Charlie Lam
Charlie Lam

Reputation: 111

How to add multiple values accumulatively to specific columns in python?

I guess this is a tricky question. I want to add some values accumulatively to some specific columns. Here's an example:

import numpy as np
A = np.random.rand(4,4)
B = np.random.rand(4,4)
[OUT]: A = array([[ 0.46472458,  0.00841153,  0.45631818,  0.42635626],
                  [ 0.37378943,  0.92900513,  0.47074237,  0.1790853 ],
                  [ 0.44455962,  0.38604916,  0.52130988,  0.17871398],
                  [ 0.74742154,  0.48381281,  0.25203475,  0.724025  ]])

[OUT]: B = array([[ 0.78213532,  0.31560444,  0.45251978,  0.19675709],
                  [ 0.06217241,  0.10009086,  0.65308642,  0.95227678],
                  [ 0.65643604,  0.20249389,  0.86545423,  0.62765881],
                  [ 0.61317907,  0.1636594 ,  0.28260492,  0.23835911]])

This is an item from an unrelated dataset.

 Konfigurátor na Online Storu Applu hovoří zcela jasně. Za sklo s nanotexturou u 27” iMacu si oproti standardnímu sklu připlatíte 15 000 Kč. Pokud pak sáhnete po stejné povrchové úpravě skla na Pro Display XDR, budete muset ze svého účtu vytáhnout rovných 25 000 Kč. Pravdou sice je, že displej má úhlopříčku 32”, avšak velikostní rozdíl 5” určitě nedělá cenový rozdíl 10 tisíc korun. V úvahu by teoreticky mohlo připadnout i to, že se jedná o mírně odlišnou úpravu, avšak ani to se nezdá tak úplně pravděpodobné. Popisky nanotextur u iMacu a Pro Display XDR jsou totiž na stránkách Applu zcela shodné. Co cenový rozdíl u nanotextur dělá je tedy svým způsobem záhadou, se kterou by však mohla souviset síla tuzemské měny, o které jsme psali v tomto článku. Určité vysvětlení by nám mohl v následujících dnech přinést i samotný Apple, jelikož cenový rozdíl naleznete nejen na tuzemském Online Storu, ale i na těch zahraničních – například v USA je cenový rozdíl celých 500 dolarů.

Now I want to add the second row and third row of B to the first column of A, and add the third row of B to the second column of A. Naively I tried this:

idx_col = np.array([0,0,1])
idx_row = np.array([1,2,2])
A[:, idx_col] += B[idx_row, :].T

But it didn't give me the result I want. The problem is python only adds the third row to the first column and completely ignores the second row to the first column.

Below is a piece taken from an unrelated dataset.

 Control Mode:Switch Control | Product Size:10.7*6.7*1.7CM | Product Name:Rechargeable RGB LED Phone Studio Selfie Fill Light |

[OUT]: array([[ 1.12116062,  0.66484757,  0.45631818,  0.42635626],
              [ 0.57628332,  1.13149902,  0.47074237,  0.1790853 ],
              [ 1.31001385,  1.25150339,  0.52130988,  0.17871398],
              [ 1.37508035,  1.11147162,  0.25203475,  0.724025  ]])

I realize I can do this with one for-loop, but the thing is I am doing an assignment and it requires the code to be fully vectorized (I know, it's very irritating). Also, this is a toy example, what I am actually implementing is, say A is 500-by-10, B is 500-by-500 and idx_col has a length of 100. So doing each operation separately really doesn't solve the problem. Any help would be great!

Upvotes: 0

Views: 300

Answers (1)

zephyr
zephyr

Reputation: 2332

I'm not sure if you need this to be more general, by if you only have 3 operations, why not make each their own line.

A[:,0] += B[1,:]
A[:,0] += B[2,:]
A[:,1] += B[2,:]

If you need to do this all on one line, it looks like the numpy function np.add.to does what you want. The description is as follows

Performs unbuffered in place operation on operand ‘a’ for elements specified by ‘indices’. For addition ufunc, this method is equivalent to a[indices] += b, except that results are accumulated for elements that are indexed more than once. For example, a[[0,0]] += 1 will only increment the first element once because of buffering, whereas add.at(a, [0,0], 1) will increment the first element twice.

The only issue now is that I cannot determine how to handle multi-dimensional arrays. The documentation suggests it is possible though.